The Butcher's Theater
Page 54
“Thank you, Lieutenant Brooker.”
“Onward: Number two occurred over two years later, July of ’73, in New Orleans. Another prostitute, named Angelique Breau, drugged out—this time with Demerol—and cut identically to Shehadeh. Traces of soap and shampoo: Dial and Prell—he’s not strict about his brands. The body was killed somewhere else, but found in a crypt in the St. Louis cemetery—which is kind of cavelike, wouldn’t you say? And she and Shehadeh fit your genital destruction-removal sequence—Shehadeh’s vaginal vault was cut up; Breau’s ovaries were removed. She’s listed as a female Cauc, black and brown, nineteen years old, but New Orleans is famous for race-mixing. If you put Caucasian on your driver’s license application, no one’s going to argue with you. Name like Breau she could be lily-white Parisian, swamp-rat Cajun, Creole mulatto, or any mixture thereof.”

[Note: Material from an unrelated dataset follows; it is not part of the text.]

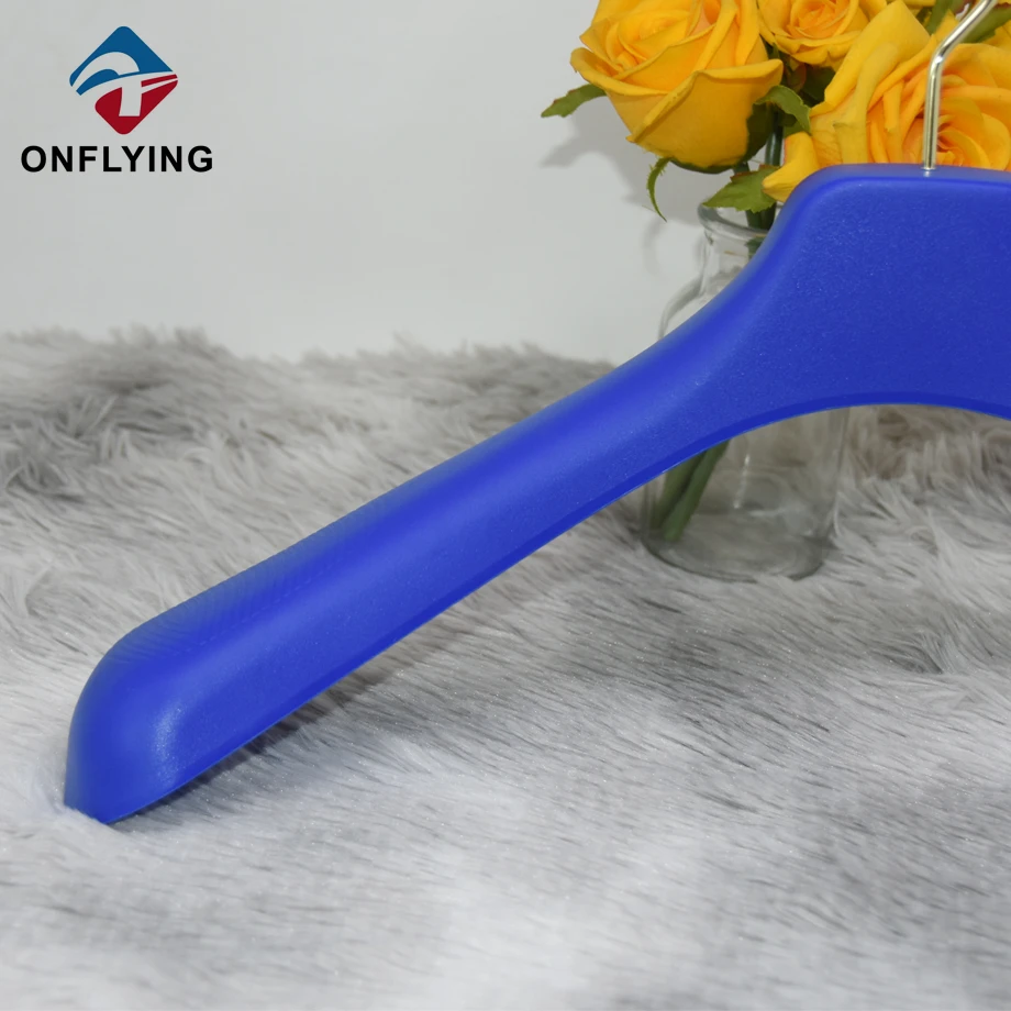 衣服アクセサリーインドゥスティラルリミテッドはプロフェッショナルです 服のハンガーカスタムロゴ中国のサプライヤー衣服用のこの豪華なカスタム耐久性のあるブルーハンガーカスタムロゴは、コートの服の保管と展示用です。

“Dark. Mediterranean-looking,” said Daniel.
“Good chance of it.”
“She could have been an Arab, too, Gene. Some of them—Moroccans, Algerians—have French names.”

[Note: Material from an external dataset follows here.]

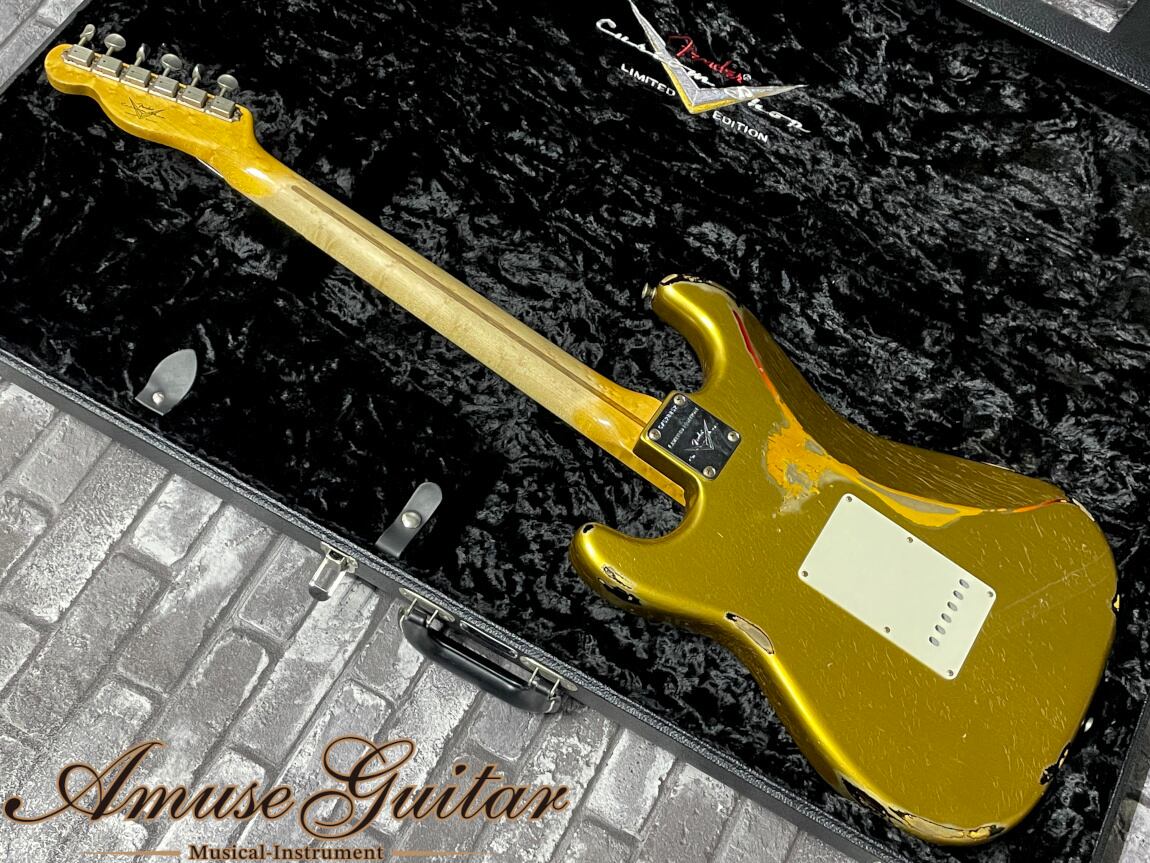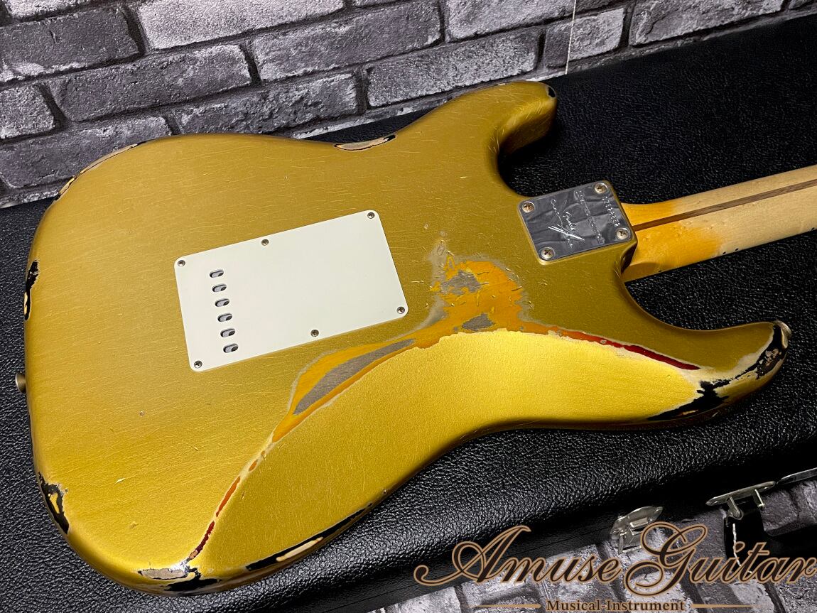 今回ご紹介させていただきますのは、そのミスチフメーカーのカスタムショップ製の一本。圧巻のヘヴィ・レリックが素晴らしく、マルチレイヤーにてゴールドと、サンバーストを組み合わせた唯一無二のルックスに仕上げられています。珍しい逸品で気合の入ったクオリティという事に加え、使用感も少ない個体となっており、今後お目にかかれないであろう個性派かつ非常にオススメの一本です。

“Hmm. Maybe. But the next two are definitely not Arab, so it appears the killer’s going after a certain look, not nationality.”
Dark women, thought Daniel. The streets of any Levantine, Mediterranean, or Latin American city were teeming with them. Yet the killer—if it was the same killer—had come to Jerusalem.

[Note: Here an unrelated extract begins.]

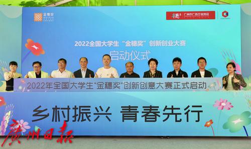 10月14日上午,2022年全国大学生“金穗奖”创新创业大赛在广州从化国医小镇正式启动。现场200余位高校代表、乡镇代表、企业家代表及专业院校大学生们出席,以创新创业竞赛激励大学生积极投身乡村振兴、奋力谱写青春画卷。

It had to be more than a look that he was after. . . .
“The third one took place April of ’75, twenty-one months after Breau,” said Gene. “Northeast Arizona, desert area outside of Phoenix. Victim’s name: Shawnee Scoggins, female Native American—Indian. Eighteen years, black and brown. Ovaries and kidneys removed. Murdered somewhere else, but the body was found off the highway near one of the Indian reservations. Reservation police handled the case. Girl had a history of delinquency, drug problems. Fresh needle marks in her arm, heroin OD, no fiber traces, no mention of soap. But this is the one that doesn’t list multiple weapons either, so we could be talking about a failure on the part of the locals to report all the facts, poor investigatory procedure, or a slipshod autopsy. Everything else fits. I’d suggest you include her.”
“All right.”
“After Scoggins there’s a thirty-two-month lapse until December of ’77. Back in California again, but up north near San Francisco. This one I remember: nude dancer named Maria Mendoza, twenty-one, black and brown, history of prostitution and narcotics convictions. What was left of her was discovered near a cave up in Mount Tamalpais.”
“Not in the cave?”
“I asked McGuire about that. Printout said near—didn’t say how near. Hard to understand why they put some data in, leave other stuff out.”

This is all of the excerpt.